Russia’s decision to treat Khalilov as an ‘alien’ was almost certainly linked with the legal suit he filed in February 2016 demanding that the actions of the occupation regime and Russian President Vladimir Putin be declared illegal. 

Khalilov has lived in Crimea since 1988, that is, since it became possible for Crimeans to return from the decades of exile following Stalin’s Deportation in 1944.  He was thus in Crimea from Ukraine’s Independence in 1991, but did not, on principle, take a Ukrainian passport, believing he should have a Crimean Tatar passport. 

Khalilov has often been in conflict with the Crimean Tatar Mejlis [representative assembly] in the past, however shared their opposition to Russia’s invasion and occupation of Crimea.

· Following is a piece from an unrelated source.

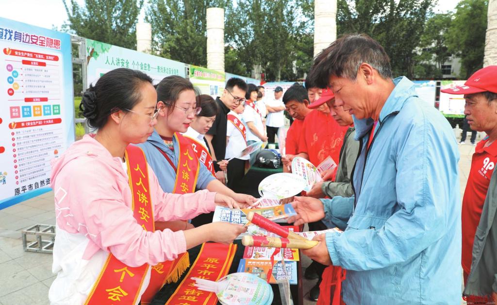 6月16日,在原平市范亭文體廣場,工作人員正在向市民發(fā)放安全生產(chǎn)知識宣傳手冊。據(jù)悉,今年6月是第24個全國“安全生產(chǎn)月”。為弘揚安全發(fā)展理念,提升公眾安全意識,該市組織消防、應急保障、公安交警等部門,聯(lián)合開展了以“人人講安全、個個會應急——查找身邊安全隱患”為主題的“安全生產(chǎn)月”現(xiàn)場安全咨詢和教育體驗活動?;顒又校行麄靼踩a(chǎn)政策法規(guī)、應急避險和自救互救方法等,以提升全民應急素養(yǎng)。(褚震攝)
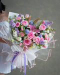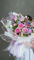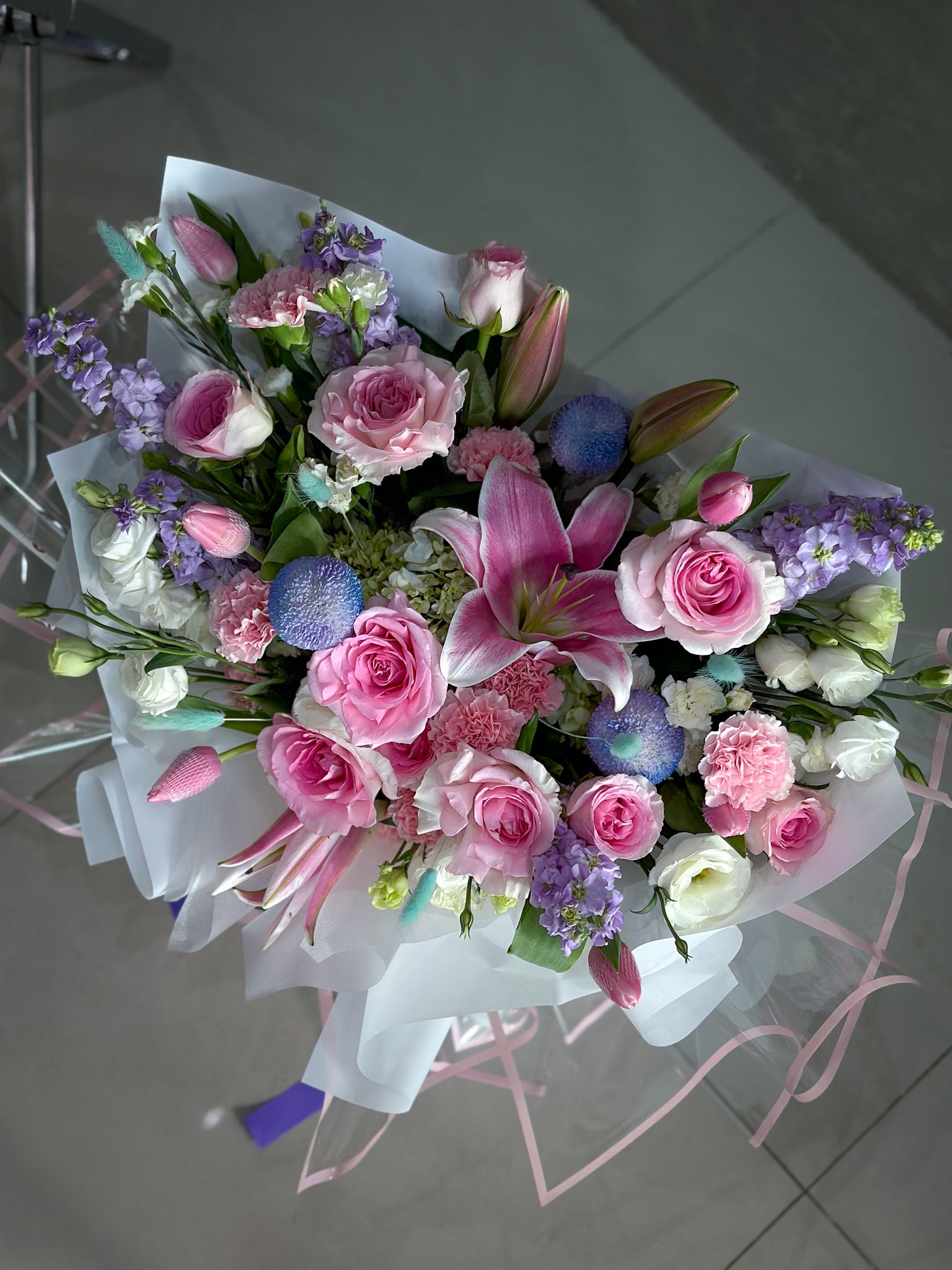 Description: Think Pink is an enchanting bouquet crafted for Valentine's Day, featuring a luxurious mix of stargazers, Holland tulips, and roses, accented by lisianthus, carnations, and playful pingpong blooms. Enhanced with matthiola and soft lagurus, this vibrant arrangement symbolizes love, admiration, and elegance.

Khalilov is, legally speaking, a stateless person.  This was not a problem in Ukraine, but under Russian occupation is clearly being used as a weapon against a dissident.  It is a brutally cynical weapon.  Khalilov, like the sons and daughters of other Crimean Tatars forcibly deported from their homeland, was merely born in Uzbekistan.  He would, if Russia succeeds in this forced deportation, be arriving in a country where he knows nobody, has no home and no likely way of earning a living.  Crimea is his homeland,  

Nedim Khalilov has formally demanded that the Russian Prosecutor General initiate a criminal investigation over actions which are driving him in this way to suicide.